Saturday, February 2, 2013

My Experience with Lupron (so far)

My RE suggested that I go on Lupron after my laparoscopy in July. She said that I had a lot of endometriosis (grade 3) but that they got as much as they could. She explained that endometriosis is kind of like splatter paint and that it is impossible to remove all of it with surgery. She said that the Lupron would starve the small endometrial implants of estrogen and that they would "die off." I'm always researching, so I looked for research to support the "dying off" thing. I couldn't really find much. But, I figure I'm not a RE and I hope she knows what she's doing, as much as she costs. I really wanted to see if just having the surgery helped first. She said it wouldn't hurt anything to try for 6 months before starting Lupron. Shocker: nothing happened. So, I had my first injection in December. I am having the once monthly injections and have had 2 so far. I was really expecting the worst. I mean, I've heard nothing but horror stories. Hot flashes and mood swings were the side effects I heard most often, so I was fully expecting at least those.
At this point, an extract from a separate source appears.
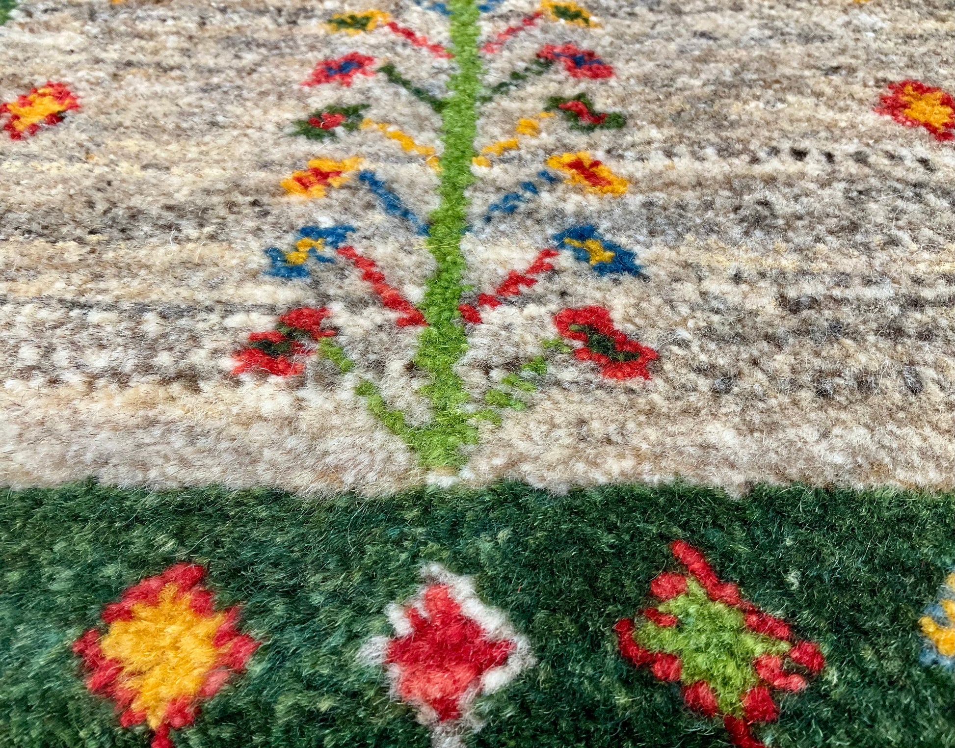 ギャッベ(Gabbeh)は、ペルシャ語で”目が粗い”、”ざっくり”した絨毯を意味します。

Not to mention the horrible things you read online. I was reading crazy stories about Lupron giving people permanent bone loss or epilepsy. A little scary. I have to say I have been pleasantly surprised. I know it's not over, but I think I should be feeling side effects if I'm going to, right? The only thing that I have been experiencing is low sex drive. I'm really not sure if that is a side effect or just in my head. I mean it is pretty nice to have a break from ttc. Since I know that a baby is not going to result plus the fact that last 30 months have consisted of way too much BDing, not feeling into it may not be due to the medication. I am doing the add-back therapy, so maybe that is helping too. Does anyone have any interesting experiences with Lupron?